◆ **Directions for this task**: Each line of the material below is to be written out exactly. Leave out any picture.

◆ **Given material**:

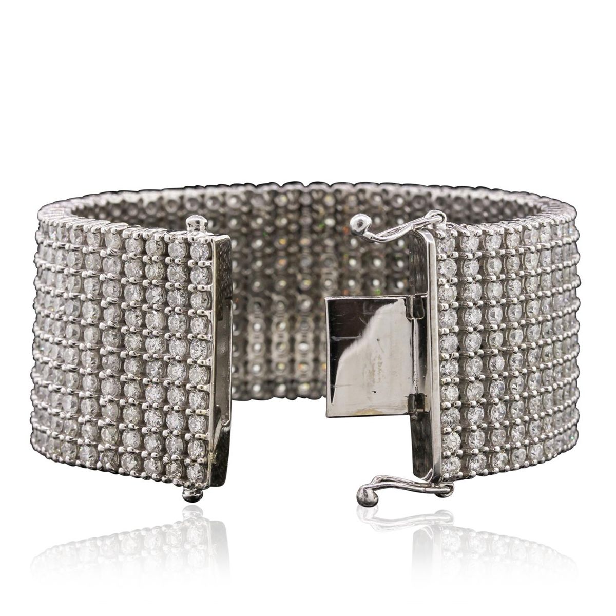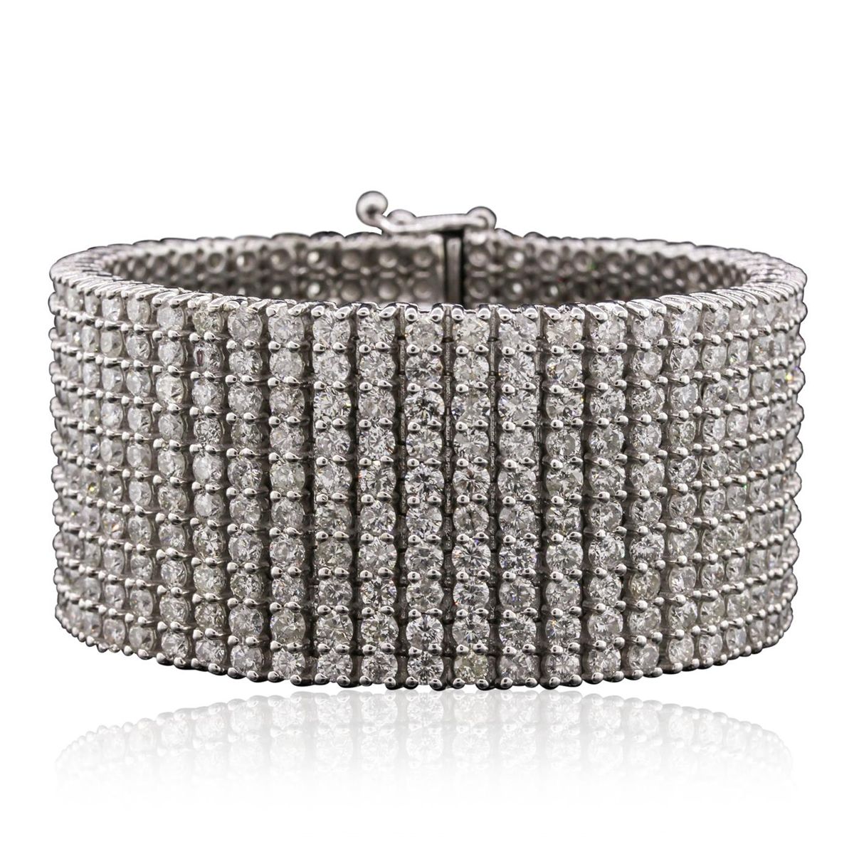 One electronically tested 14KT white gold ladies cast & assembled diamond bracelet with a bright polish finish. Condition is new, good workmanship. The bracelet features a ribbon of diamonds seven inch length and one one-quarter inch width, terminating in a concealed box clasp with twin safeties. Identified with markings of "14K". Containing: Five Hundred prong set round brilliant cut diamonds, measuring 3.00 - 2.90 x 1.77mm (depth est.) approximate. Total Weight of 500 Stones = 47.05ct. Graded in the setting. Clarity: I-1 to I-2. Color: G - J. Total Weight of Diamonds 47.05ct. Total Weight of Bracelet166.80 grams. AIG Appraised at $131,015.00.
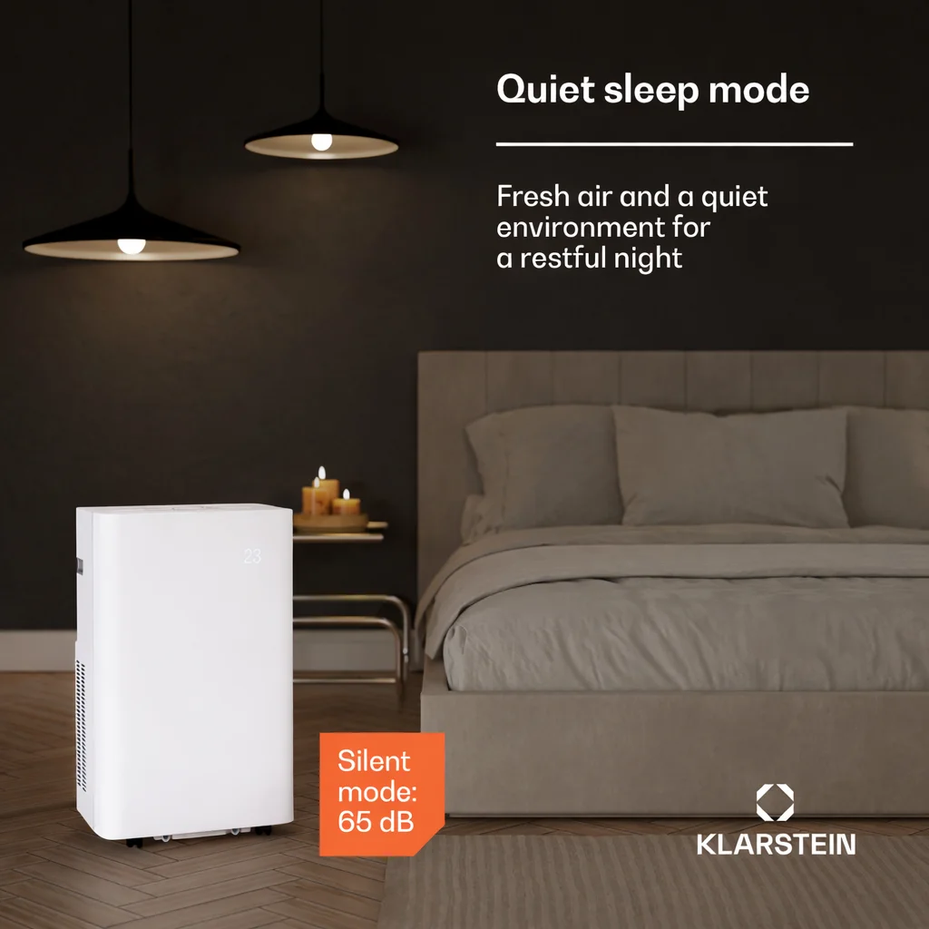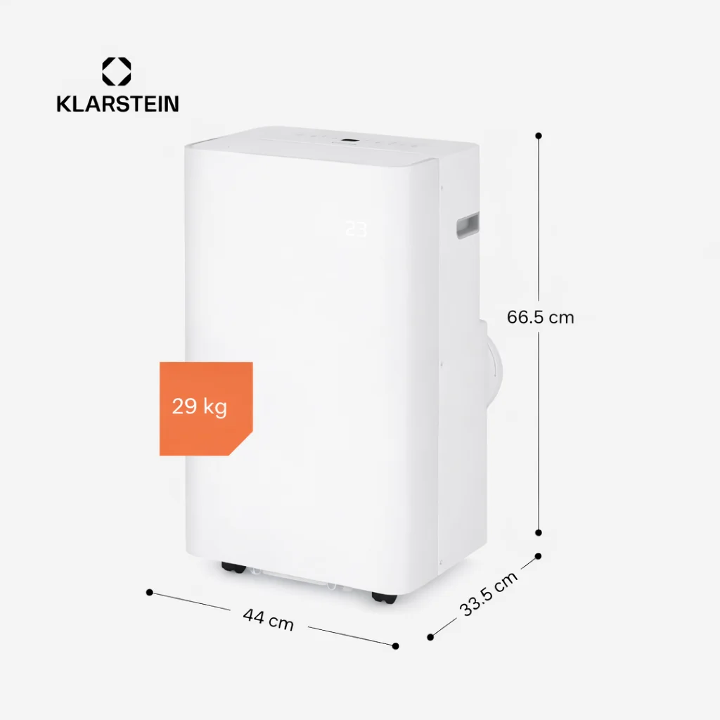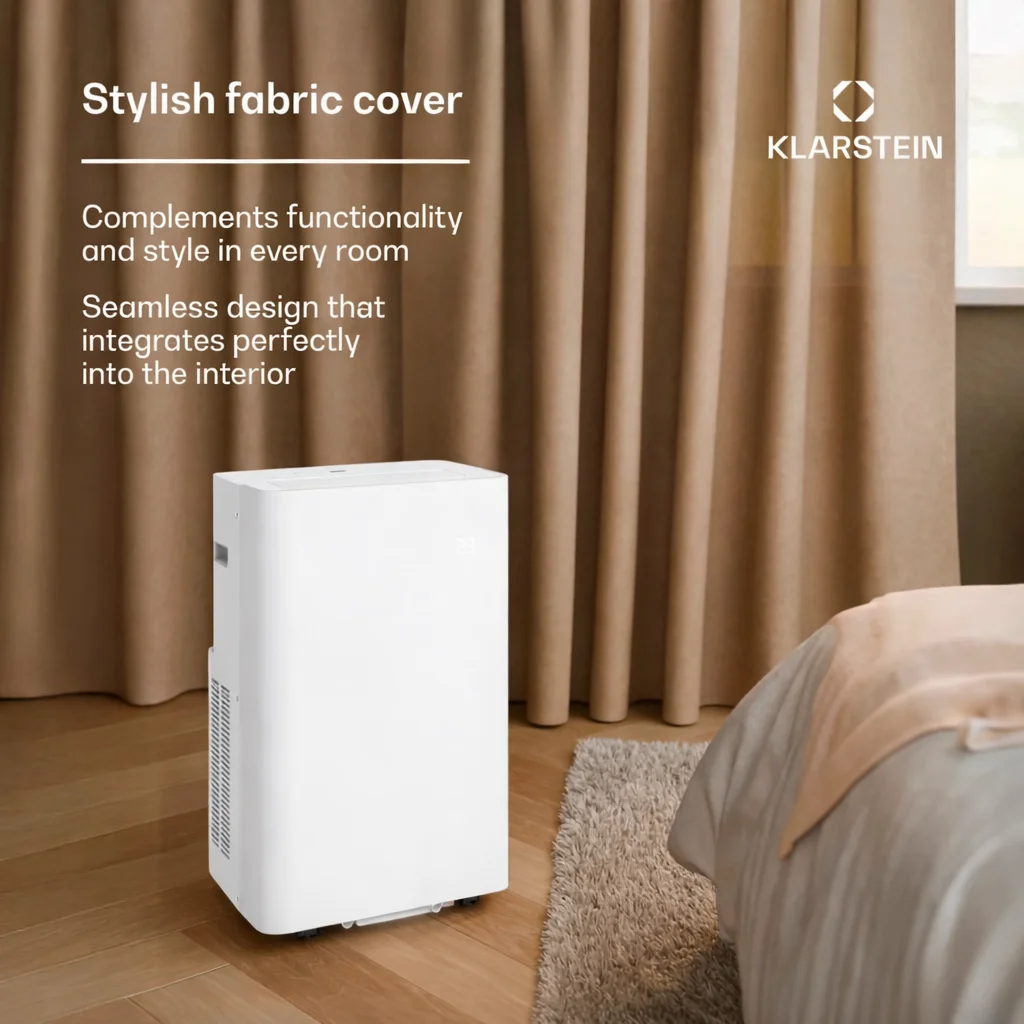 De draagbare airco AireLux van Klarstein biedt een indrukwekkende combinatie van hoge koelprestaties en modern design, ideaal voor ruimtes tot 30 m². Dankzij de eenvoudige bediening via app of stemassistent kan het ruimteklimaat moeiteloos worden geregeld.
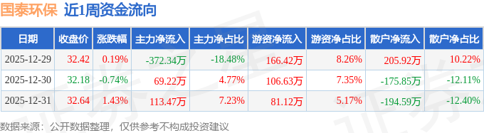 资金流向数据方面,本周国泰环保主力资金合计净流出189.65万元,游资资金合计净流入354.16万元,散户资金合计净流出164.51万元。本周资金流向一览见下表:
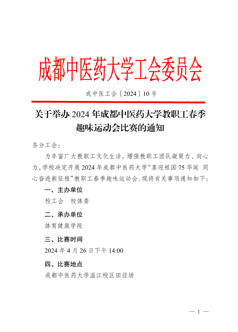 上一条:关于举办成都中医药大学第七届教职工 篮球比赛的通知

◆ **Solution for this problem**:
 One electronically tested 14KT white gold ladies cast & assembled diamond bracelet with a bright polish finish. Condition is new, good workmanship. The bracelet features a ribbon of diamonds seven inch length and one one-quarter inch width, terminating in a concealed box clasp with twin safeties. Identified with markings of "14K". Containing: Five Hundred prong set round brilliant cut diamonds, measuring 3.00 - 2.90 x 1.77mm (depth est.) approximate. Total Weight of 500 Stones = 47.05ct. Graded in the setting. Clarity: I-1 to I-2. Color: G - J. Total Weight of Diamonds 47.05ct. Total Weight of Bracelet166.80 grams. AIG Appraised at $131,015.00.
 De draagbare airco AireLux van Klarstein biedt een indrukwekkende combinatie van hoge koelprestaties en modern design, ideaal voor ruimtes tot 30 m². Dankzij de eenvoudige bediening via app of stemassistent kan het ruimteklimaat moeiteloos worden geregeld.
 资金流向数据方面,本周国泰环保主力资金合计净流出189.65万元,游资资金合计净流入354.16万元,散户资金合计净流出164.51万元。本周资金流向一览见下表:
 上一条:关于举办成都中医药大学第七届教职工 篮球比赛的通知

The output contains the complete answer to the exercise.